Biarlah mereka, mahasiswa kita tumbuh dengan pemahaman agama yang kokoh diatasi segala perbedaan yang ada, namun dengan tingkat intelektualitas yang tinggi, penuh rasa saling menghargai dan menyayangi saudaranya seiman. Jika kampus saja yang merupakan gudang para tokoh dan calon intelektual (orang pintar dan terdidik) tidak mampu membangun umat Madani diatas keberagaman, bagaimana lagi kita akan mengharapkan jutaan bangsa kita diluar Kampus sana menjaga persatuan atas keberagaman bangsa Indonesia?
Itulah juga saya kira semangat yang selalu ditanamkan Bapak Keberagaman Bangsa Indonesia, Gus Dur. Kita seharusnya menjadi bangsa tangguh, yang ditulangpunggungi oleh kaum Muslim Indonesia yang slain menjadi mayoritas, juga cerdas dan terpelajar.
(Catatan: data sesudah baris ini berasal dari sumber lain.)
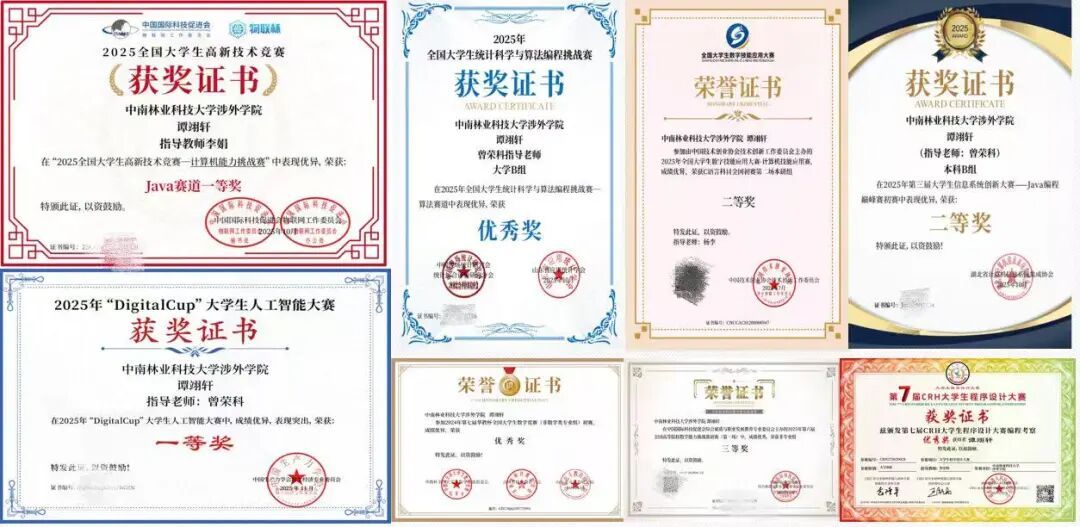 在积极投身志愿服务的同时,谭翊轩始终牢记学生本分,扎实完成学业任务,位居专业前列。他主持的课题《基于变分自动编码器和多轮K-means++聚类算法的学习者画像构建方法》获评校企合作大学生研究性学习和创新性实践计划重点项目;撰写的学术论文已进入省级期刊审稿阶段。截至目前,他已累计获得各类学科竞赛奖项30余项。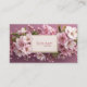 Present your professional brand with an air of timeless sophistication using this classic and elegant cherry blossom business card. The design features a lush, horizontal garland of photo-realistic sakura flowers, creating a stunning and beautifully balanced frame. The cherry blossoms are rendered in a beautiful spectrum of pink hues, from soft blush to deeper rose, and are complemented by delicate green leaves for a touch of natural realism. This exquisite floral arrangement is set against a rich and sophisticated mauve background, providing a perfect canvas for your business details, which are elegantly presented within a classic cream-coloured text box finished with a delicate faux gold frame.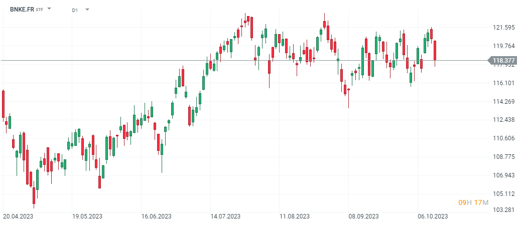 Durante la jornada de hoy, el ETF del sector bancario en Europa, bajo el ticker BNKE.FR, cotiza a la baja aumentando su caída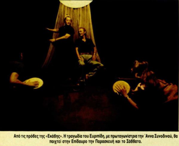 Γι’ αυτό κι εγώ χαίρομαι τώρα που η Συνοδινού ξαναγυρίζει στην Επίδαυρο. Γιατί ο χώρος δικαιωματικά της ανήκει. Και ξέρετε, ε; Η «επιστροφή» της (με το «Προσκήνιο» του Αλέξη Σολομού, στις 14 και 15 Αυγούστου) γίνεται με το ίδιο έργο —την «Εκάβη» του Ευριπίδη— που είχε εγκαινιάσει επίσημα το πολύπαθο αυτό Φεστιβάλ το 1955. (Τότε η Κατίνα Παξινού έπαιξε την τραγική βασίλισσα της Τροίας και η Συνοδινού την Πολυξένη.)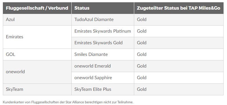 Die portugiesische Fluggesellschaft TAP hat diese Status Match Promotion zum 75. Geburtstag aufgesetzt. Und die Bedingungen sind sehr weit offen. So könnt Ihr mit jedem Status einer Oneworld oder Sky Team Fluggesellschaft den Status Match beantragen. Auch ein paar unabhängige Fluggesellschaften werden akzeptiert.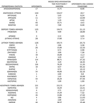 Η γεωγραφική κατανομή στην υπόλοιπη Ελλάδα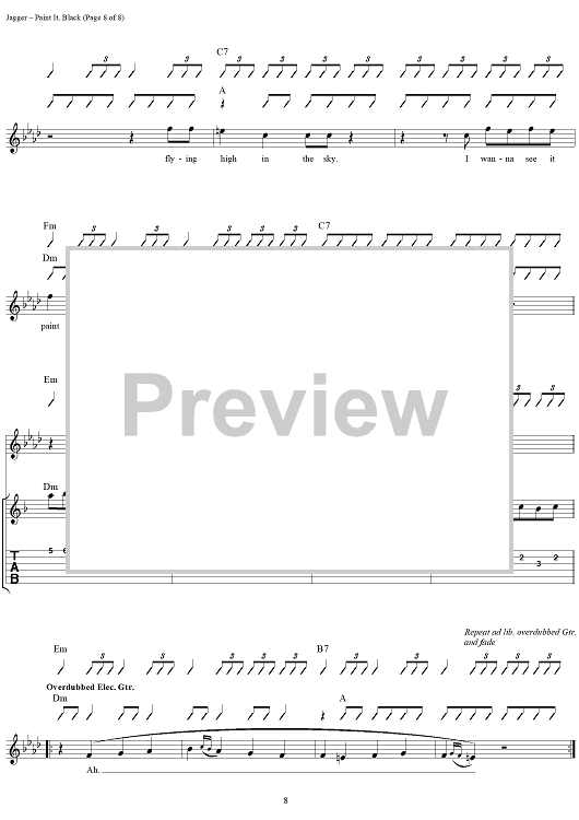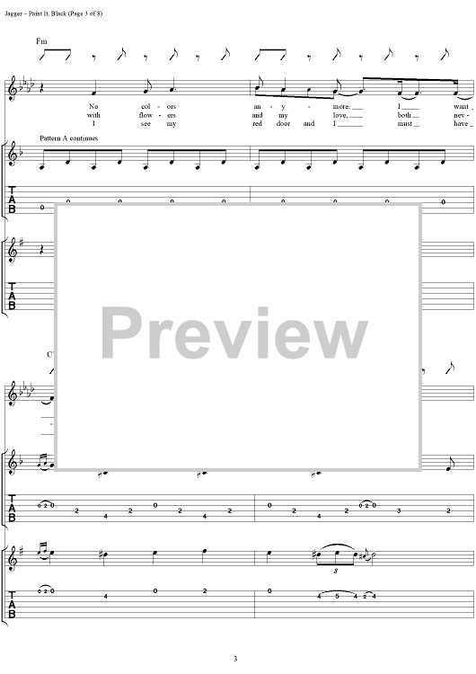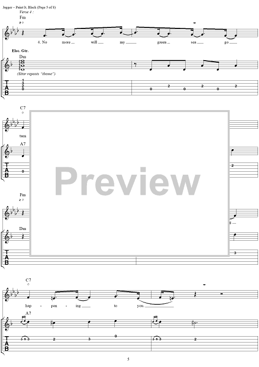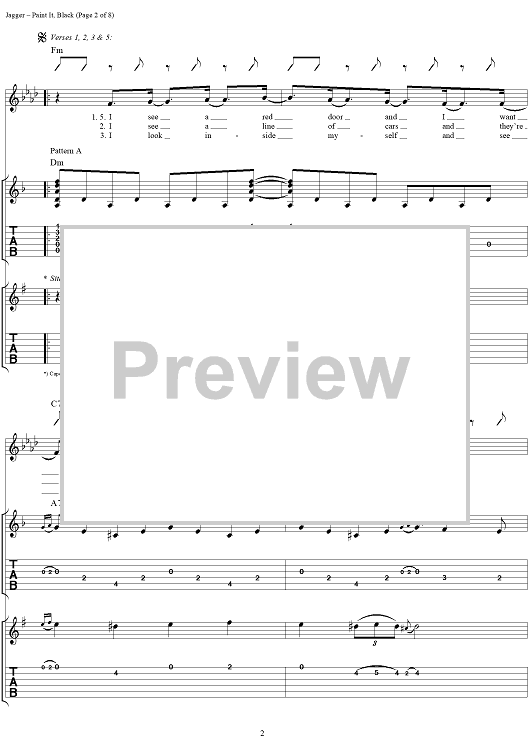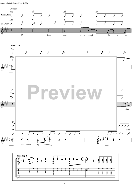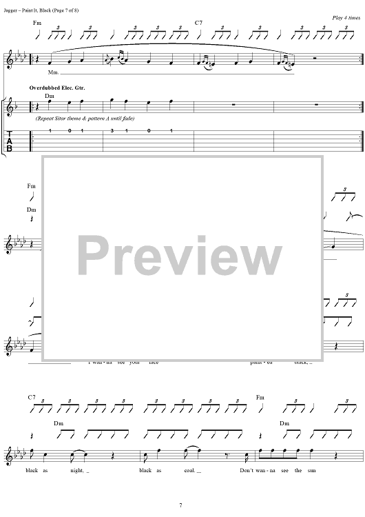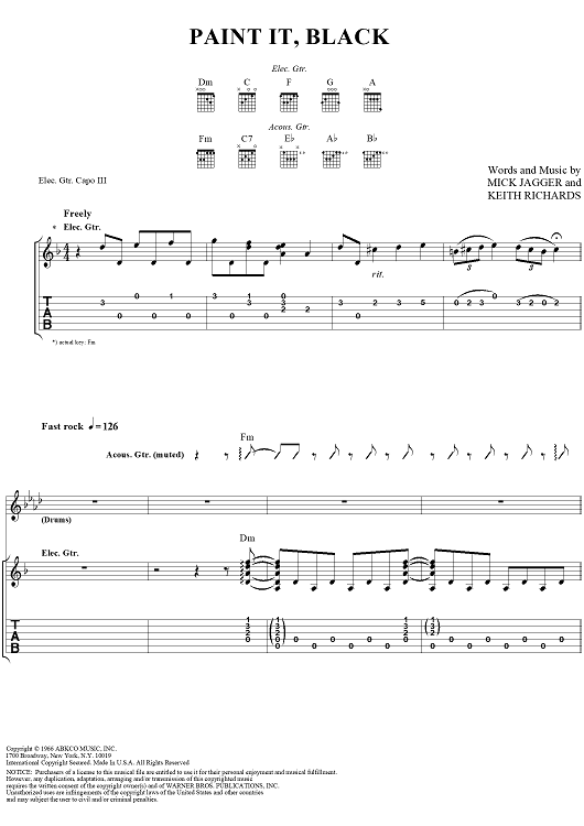 Digital Sheet Music for Paint It, Black by Keith Richards, The Rolling Stones, Mick Jagger scored for Guitar Tab/Vocal; id:316386

InsyaAllah dengan dukungan dan pemahaman dari Ibu/ Bapak/ Sdr semua civitas academica di ITS kita bisa…. Semoga ITS menjadi pelopor kampus di Indonesia yang berhasil menyatukan umat beragama yang beragam secara baik dan bermartabat. Sebab kampus kita, ITS merupakan miniatur bangsa Indonesia yang terpelajar. Sudah seharusnya menjadi teladan yang baik. Wallahualam.